2.13. Characterization of stem cells cultured on PDMS substrates by alizarin red and crystal violet staining

To analyse viable cells and investigate osteogenic differentiation, alizarin red staining and crystal violet staining were performed on ADSCs cultured on PDMS substrates and culture plates for 14 days. After culturing 5 × 103 stem cells in 24-well plates, the cells were fixed in 4% glutaraldehyde solution for 24 h and stained with alizarin red for 45 min, and then washed with PBS solution to remove residue dye. To ascertain the optical density of viable cells cultured on substrates, the maximum absorbance at a wavelength of 260 nm in a spectrophotometer (NanoDrop, Eppendorf, Germany) was measured.
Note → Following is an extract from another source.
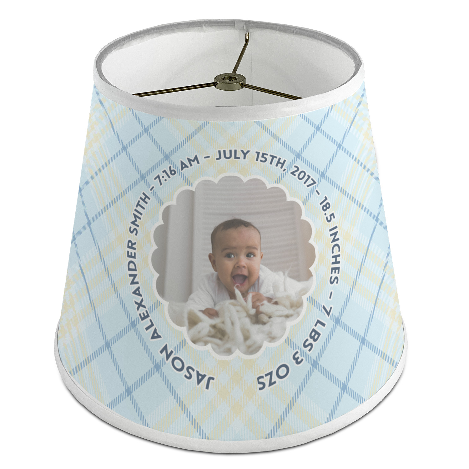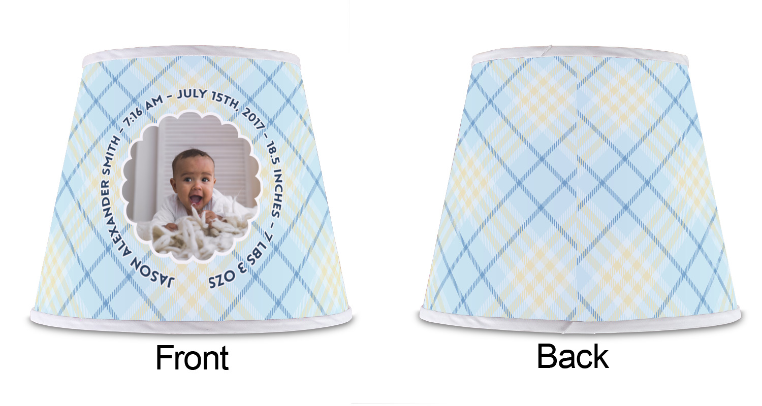 This design is for baby boys. The background is a baby blue plaid. In the middle of the design is a scalloped frame to upload your baby's picture into (make sure it is high quality!). Surrounding the frame is where your personalization goes. Put their name, birthday, or whatever you like.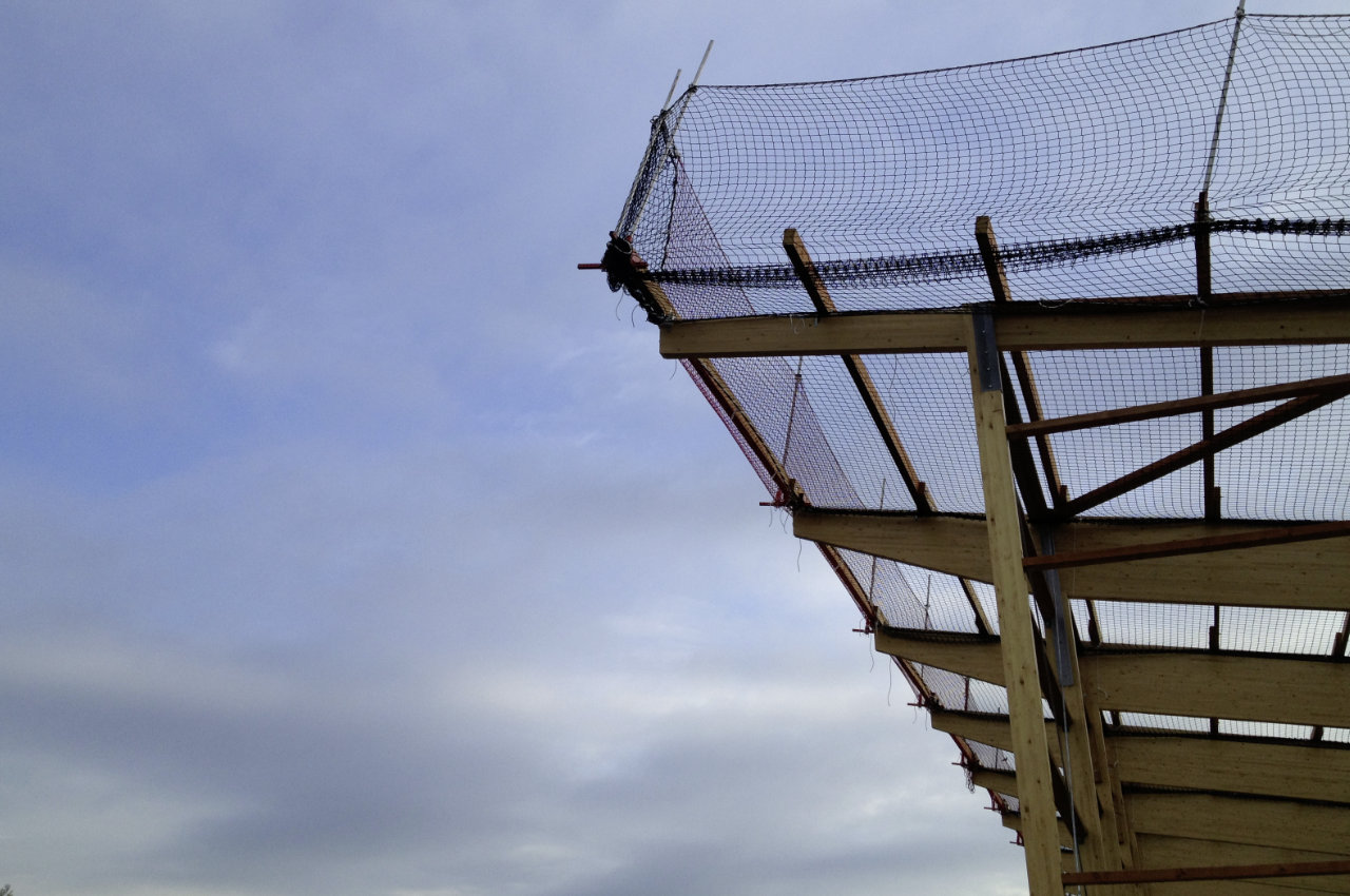 Randsicherung in Kombination mit Schutznetz an Stahlkonstruktion

2.14. Characterization of stem cells cultured on PDMS substrates by serum osteocalcin and ALP measurements

Osteogenic differentiation was investigated via serum osteocalcin and ALP activity measurements. ADSCs were cultured on different substrates in 24-well plates (3 × 103 cells per well). After 14 days, the medium was removed and analysed using an auto-analyser (Hitachi 902, Germany) and an alkaline phosphatase kit (Pars Azmoon, Iran) employing the DGKC method to measure the ALP activity; the absorbance was read at 1 min intervals at 405 nm. Serum osteocalcin was measured with N-MID Osteocalcin ELIZA kits (Immunodiagnostic Systems, UK). Substrate turnover was determined colourimetrically by measuring the absorbance at 450 nm and a four parameter algorithm was employed to generate the standard curve.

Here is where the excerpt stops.